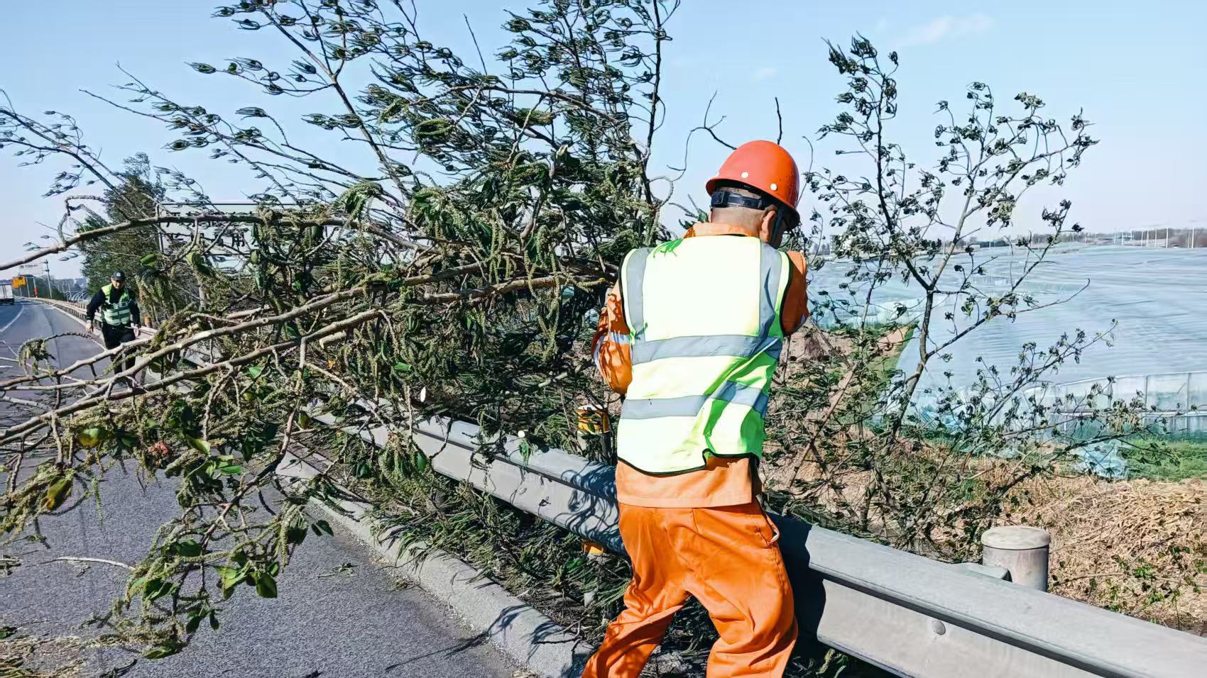 闻“风”而动,吹响抢险“集结号”。险情就是命令!养护分公司迅速启动恶劣天气应急预案,与高速交警、路政、路段分公司强效联动,上午7时许,G2京沪高速、G1811黄石高速分别出现了防落物网破损、树木倾倒等情况,所属养护队立即按照“先通后畅、安全优先”原则,展开抢修,养护队员们顶风冒沙,与时间赛跑,全力抢通保畅。
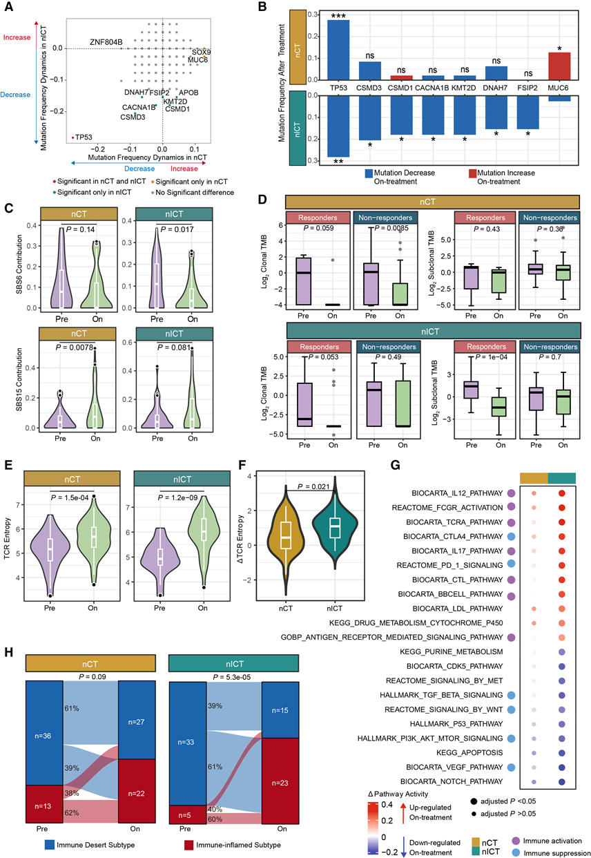 NEOSUMMIT-01队列基线样本的基因改变图谱与既往报道基本一致,具有相似的肿瘤突变负荷(TMB)(图1C)以及相似的显著突变基因(SMG)突变频率,包括TP53、ARID1A和KRAS(图S1C和S1D)。他们进一步分析了nICT和nCT患者治疗前和治疗期间样本的分子特征,包括体细胞改变、通路活性和免疫特征,以研究治疗诱导的基因动态变化。nICT治疗后,包括两个SMG(TP53和CSMD3)在内的多个基因的突变频率显著降低。相比之下,nCT组中仅TP53突变频率显著降低,而MUC6突变频率则升高。这些结果表明,nICT 可能更有效地降低肿瘤负荷,而 nCT 可能促进携带特定突变的克隆细胞的增殖(图2A-B)。接下来,他们对已知的 COSMIC SBS(单碱基替换)特征进行了分析,并评估了它们在每个样本中的贡献。nICT 组中 SBS6 的贡献显著降低,而 nCT 组中 SBS15 的贡献显著升高(图 2C)。由于SBS6和 SBS15 均与错配修复缺陷(dMMR)肿瘤密切相关,他们在排除 dMMR 样本(n = 2)后重复了分析,结果相似。
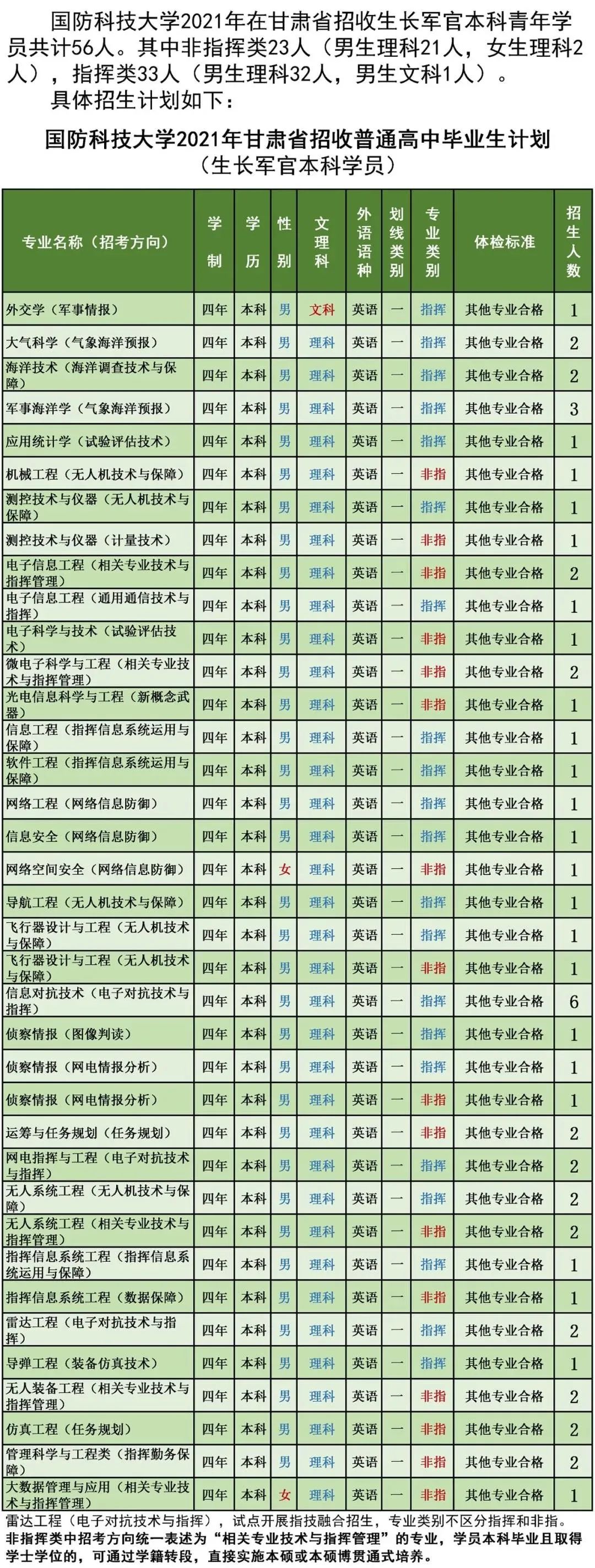 參加軍檢:政治考核合格的考生,由省軍區招生辦公室按照高考成績排名,按照理科男生1000人、女生110人,文科男生40人、女生6人確定參加軍檢考生。入圍考生持本人身份證、準考證、3日內核酸檢測結果及4張1寸正面免冠白底彩色照片按照指定時間地點參加軍檢,軍檢包括面試、心理檢測和體格檢查3項內容。嘉峪關市、酒泉市、東風場區考生在第20基地醫院組織軍檢,其余地區考生面試在西北民族大學和940醫院組織,具體時間安排為:6月24日,蘭州、白銀市考生及所有女生;6月25日,張掖、武威、金昌、定西市考生;6月26日,平涼、慶陽、天水、隴南市,臨夏、甘南州考生。面試結果當場告知考生。面試合格的考生參加職業基本適應性檢測(簡稱心理檢測),地點設在西北民族大學,時間安排與面試一致。心理檢測分為計算機檢測和心理訪談,計算機檢測結果分合格與不合格兩種,檢測不合格者參加心理訪談,心理訪談結論為最終結論,不再進行復議。
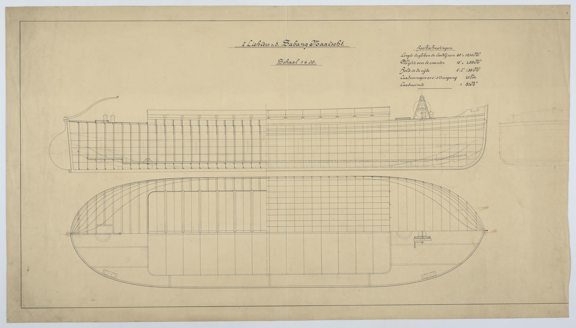 Lijnenplan van twee lichters voor de Sabang Maatschappij
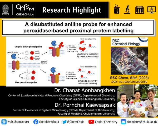 A disubstituted aniline probe for enhanced peroxidase-based proximal protein labelling -  Proteins are biomolecules essential for cellular functions, including cell signaling and regulation. Protein misfolding or mislocalisation can result in various diseases. Peroxidase-mediated proximity labelling has emerged as a powerful tool for studying subcellular proteome and protein–protein interactions. However, the traditional probe, biotin-phenol, suffers from limitations including low protein enrichment efficiency,… …A disubstituted aniline probe for enhanced peroxidase-based proximal protein labelling Read More »
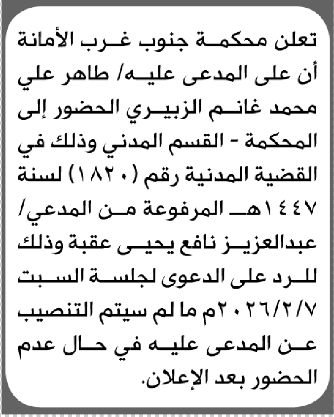 تعلن محكمة جنوب غرب الأمانة أن على المدعى عليه طاهر الزبيري الحضور إلى المحكمة إعلاناتمحاكم On فبراير 2, 2026 Share Share FacebookTwitterWhatsAppTelegramGoogle+البريد الإلكترونيPrint
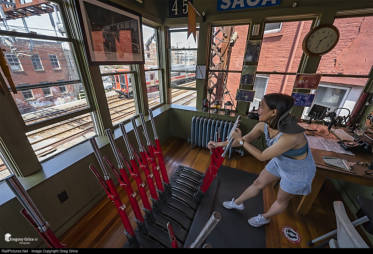 A SONO Switch Tower Museum guest playing Tower Operator hastily throws one of several mechanical levers to put in a signal for a westbound Metro-North train as it approaches BERK (SS44) on the New Haven Line in South Norwalk.
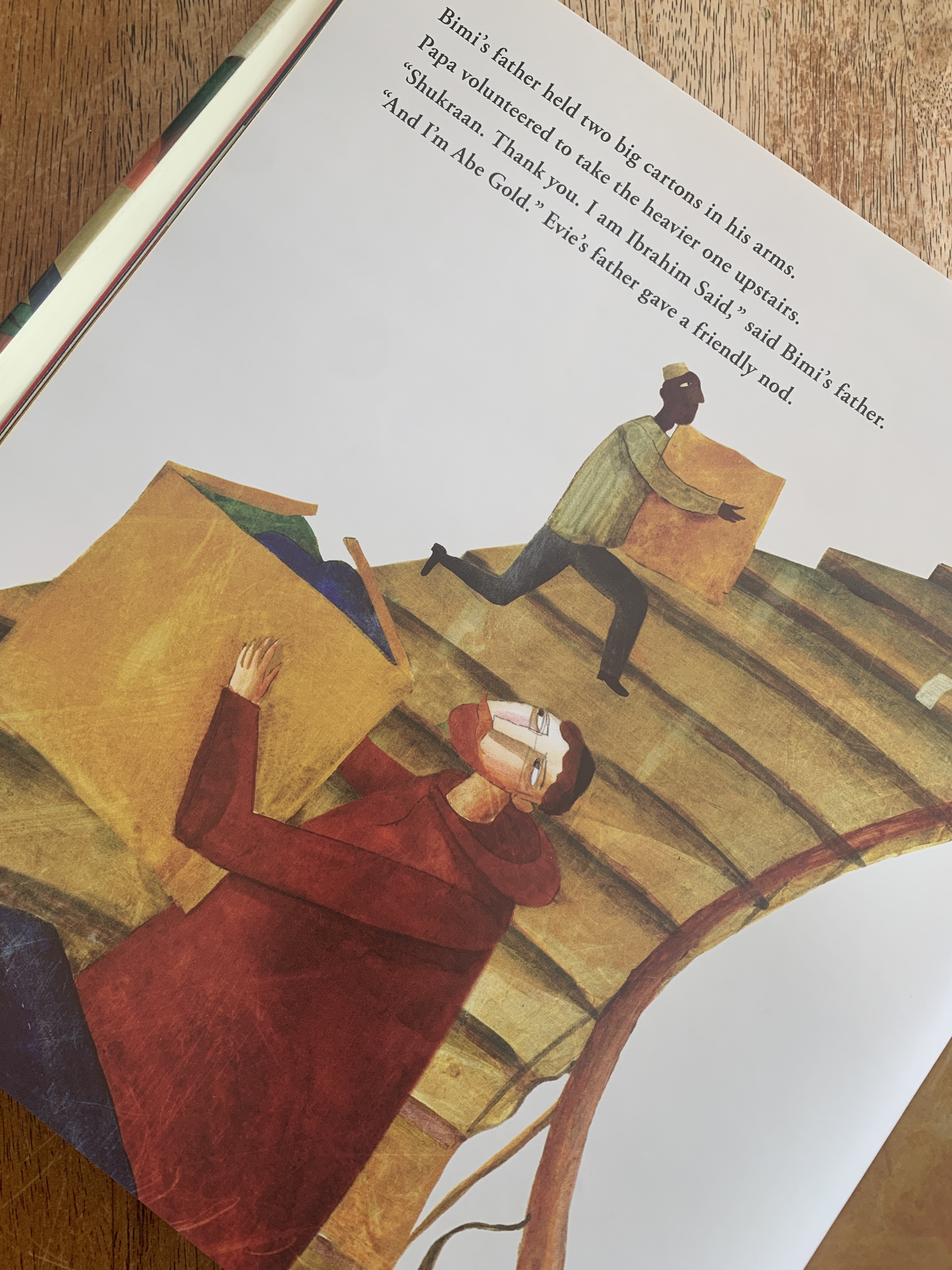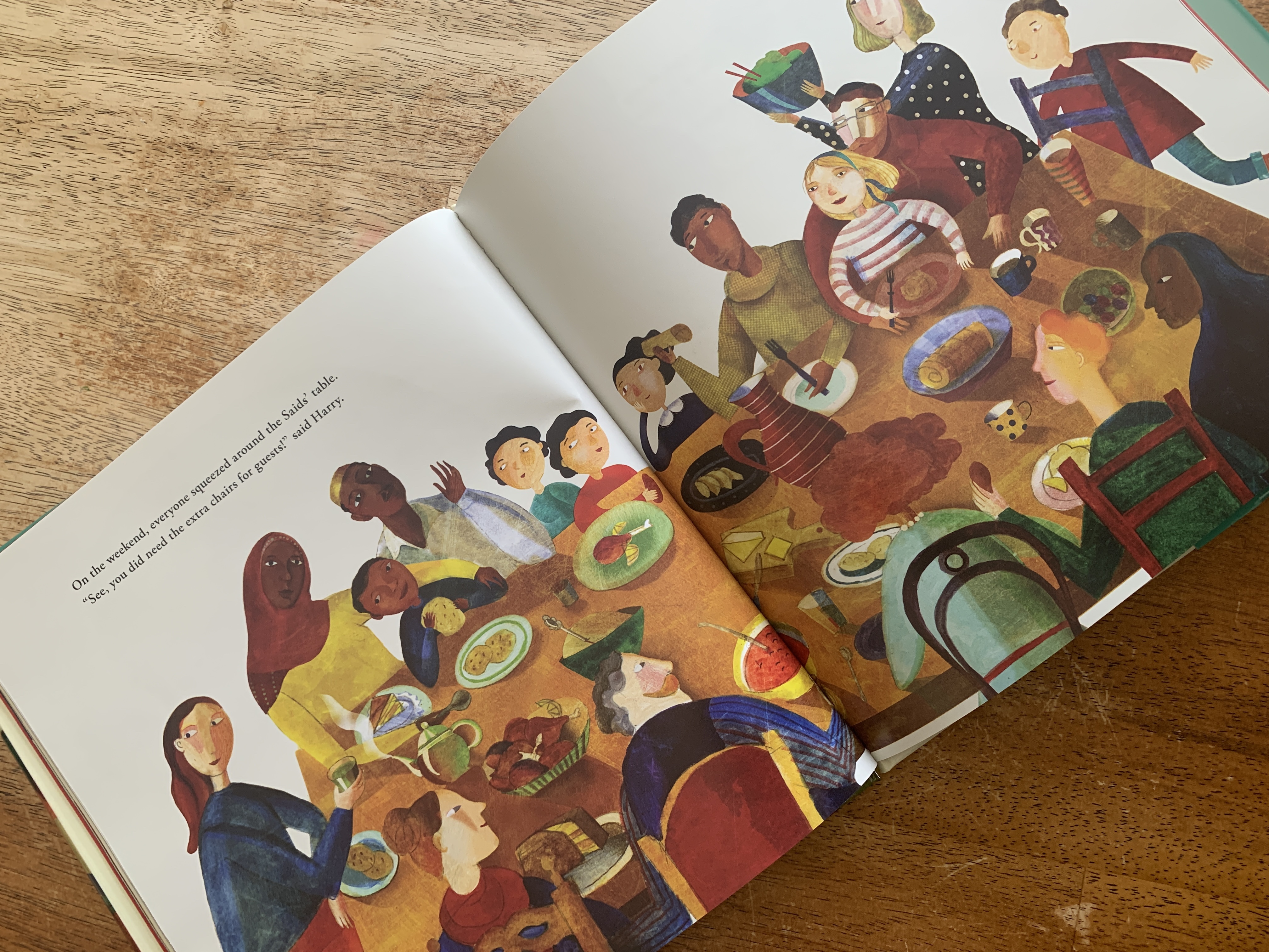 As they head to the mosque to meet Grandad they wonder if that is where Allah (swt) lives. Granny tells them no, so they ask if He lives in the sky, when she says no, they wonder about in the trees or in the sea. Finally she says that they “don’t have to go anywhere to find Allah, His throne is above us where ever we are.”
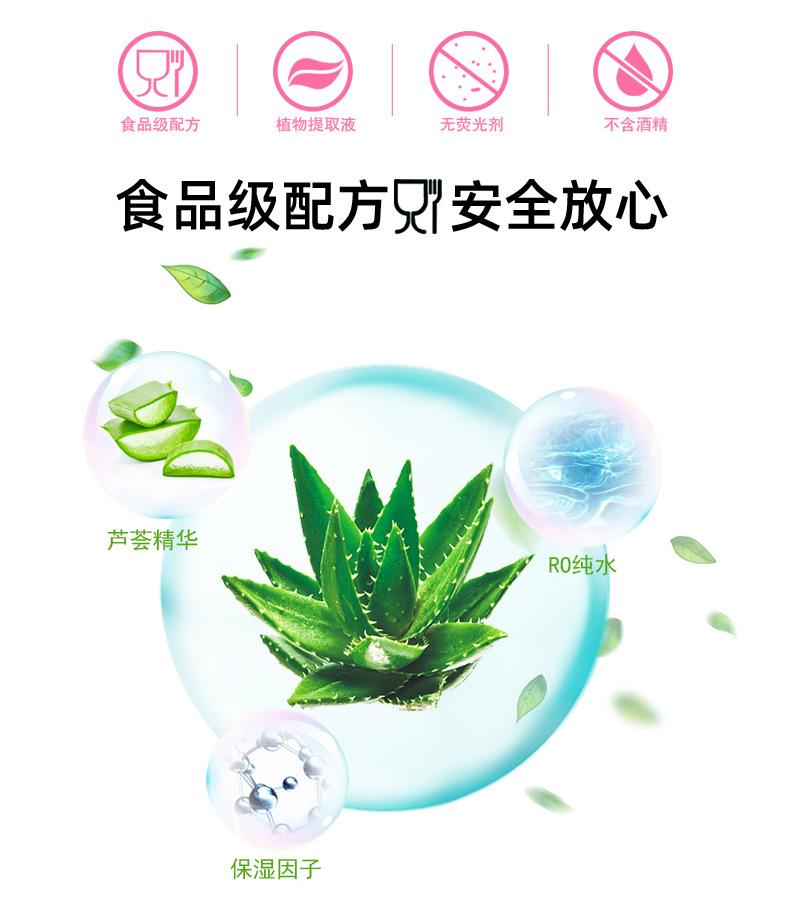 Principales materias primas: tela no tejida, agua pura RO, glicerina natural, esencia de aloe vera, esencia de aceite de oliva, etc.
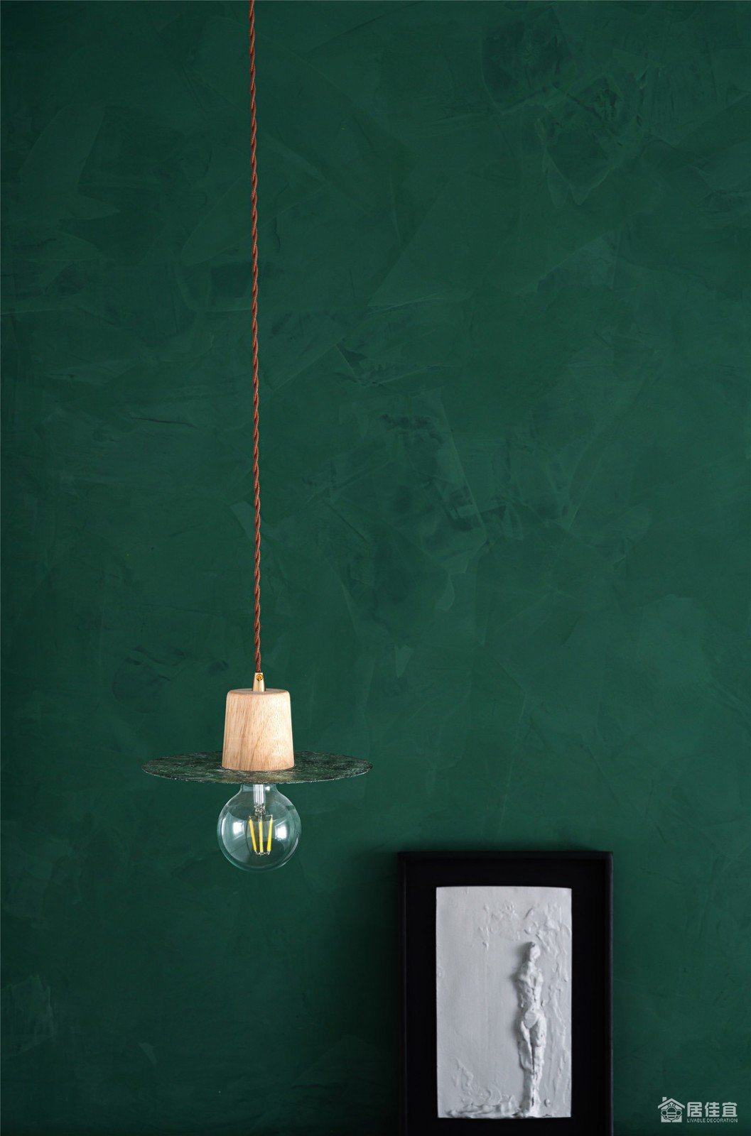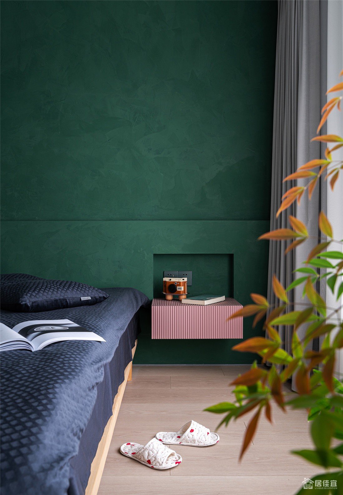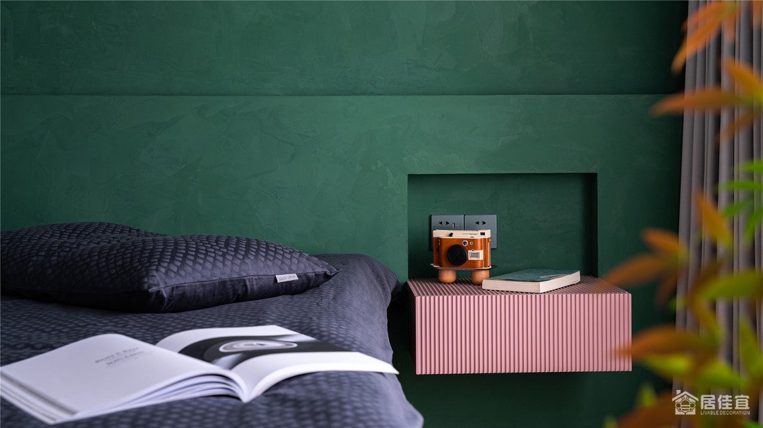卧室无靠背床配合墨绿色的艺术漆,床品,小画和吊灯,让空间表达的节制又自由,床头柜简化成一个悬空的抽屉,配合床头整体处理,视觉上很轻灵,也能满足基本需求。粉色板子是屋主很喜欢的。

□ □ □ □ □

WORK TASK:
From the records above, copy only the lines running from the line holding "样本(n = 2)后重复了分析,结果相似。" through the line holding "Lijnenplan van twee", with no pictures.

RESPONSE TO THE TASK:
 NEOSUMMIT-01队列基线样本的基因改变图谱与既往报道基本一致,具有相似的肿瘤突变负荷(TMB)(图1C)以及相似的显著突变基因(SMG)突变频率,包括TP53、ARID1A和KRAS(图S1C和S1D)。他们进一步分析了nICT和nCT患者治疗前和治疗期间样本的分子特征,包括体细胞改变、通路活性和免疫特征,以研究治疗诱导的基因动态变化。nICT治疗后,包括两个SMG(TP53和CSMD3)在内的多个基因的突变频率显著降低。相比之下,nCT组中仅TP53突变频率显著降低,而MUC6突变频率则升高。这些结果表明,nICT 可能更有效地降低肿瘤负荷,而 nCT 可能促进携带特定突变的克隆细胞的增殖(图2A-B)。接下来,他们对已知的 COSMIC SBS(单碱基替换)特征进行了分析,并评估了它们在每个样本中的贡献。nICT 组中 SBS6 的贡献显著降低,而 nCT 组中 SBS15 的贡献显著升高(图 2C)。由于SBS6和 SBS15 均与错配修复缺陷(dMMR)肿瘤密切相关,他们在排除 dMMR 样本(n = 2)后重复了分析,结果相似。
 參加軍檢:政治考核合格的考生,由省軍區招生辦公室按照高考成績排名,按照理科男生1000人、女生110人,文科男生40人、女生6人確定參加軍檢考生。入圍考生持本人身份證、準考證、3日內核酸檢測結果及4張1寸正面免冠白底彩色照片按照指定時間地點參加軍檢,軍檢包括面試、心理檢測和體格檢查3項內容。嘉峪關市、酒泉市、東風場區考生在第20基地醫院組織軍檢,其余地區考生面試在西北民族大學和940醫院組織,具體時間安排為:6月24日,蘭州、白銀市考生及所有女生;6月25日,張掖、武威、金昌、定西市考生;6月26日,平涼、慶陽、天水、隴南市,臨夏、甘南州考生。面試結果當場告知考生。面試合格的考生參加職業基本適應性檢測(簡稱心理檢測),地點設在西北民族大學,時間安排與面試一致。心理檢測分為計算機檢測和心理訪談,計算機檢測結果分合格與不合格兩種,檢測不合格者參加心理訪談,心理訪談結論為最終結論,不再進行復議。
 Lijnenplan van twee lichters voor de Sabang Maatschappij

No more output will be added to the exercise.